[What you have to do]:
This exercise calls for an exact copy of the listing, with no pictures kept.

[Data shown]:
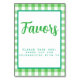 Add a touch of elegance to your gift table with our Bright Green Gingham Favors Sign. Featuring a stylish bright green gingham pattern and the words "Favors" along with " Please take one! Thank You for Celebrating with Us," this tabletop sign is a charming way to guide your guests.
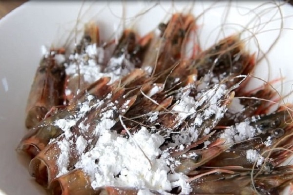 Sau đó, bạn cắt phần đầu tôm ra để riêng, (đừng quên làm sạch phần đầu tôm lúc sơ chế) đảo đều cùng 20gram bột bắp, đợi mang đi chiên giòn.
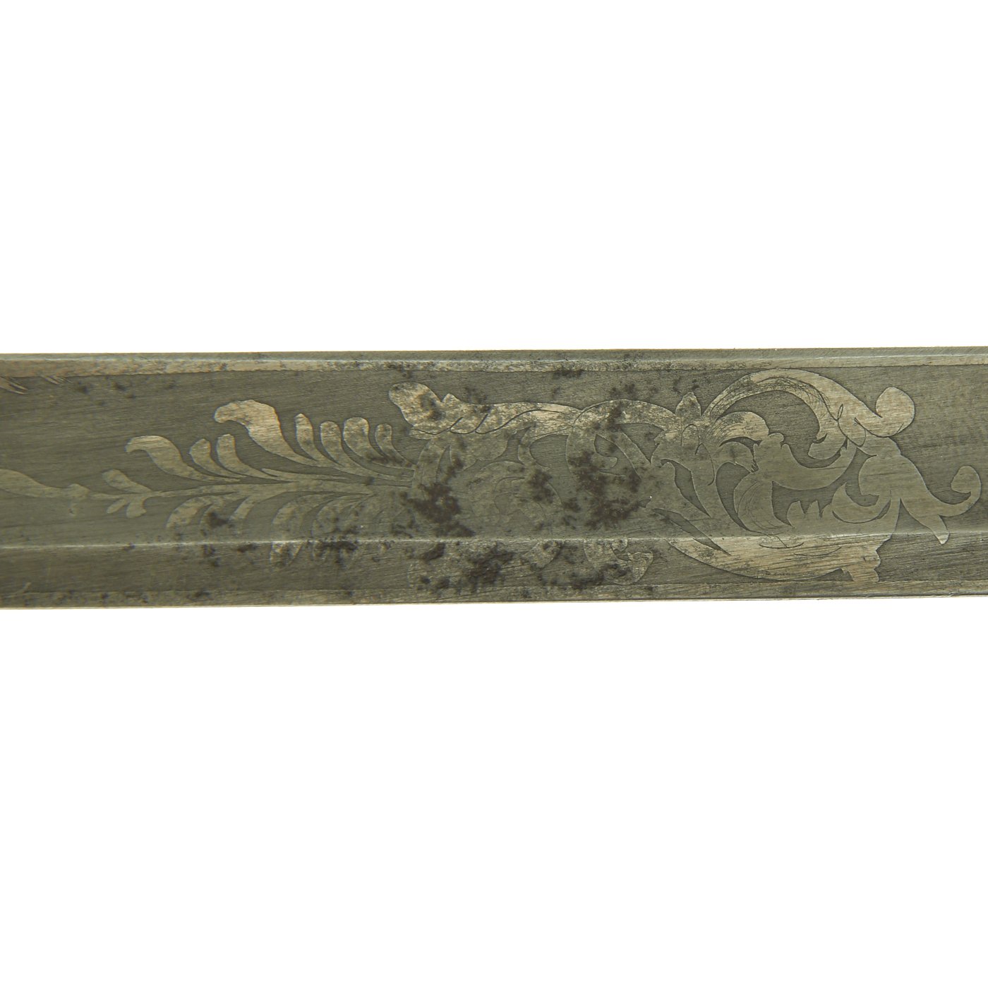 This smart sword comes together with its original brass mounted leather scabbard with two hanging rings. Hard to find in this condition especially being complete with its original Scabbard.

[Result]:
 Add a touch of elegance to your gift table with our Bright Green Gingham Favors Sign. Featuring a stylish bright green gingham pattern and the words "Favors" along with " Please take one! Thank You for Celebrating with Us," this tabletop sign is a charming way to guide your guests.
 Sau đó, bạn cắt phần đầu tôm ra để riêng, (đừng quên làm sạch phần đầu tôm lúc sơ chế) đảo đều cùng 20gram bột bắp, đợi mang đi chiên giòn.
 This smart sword comes together with its original brass mounted leather scabbard with two hanging rings. Hard to find in this condition especially being complete with its original Scabbard.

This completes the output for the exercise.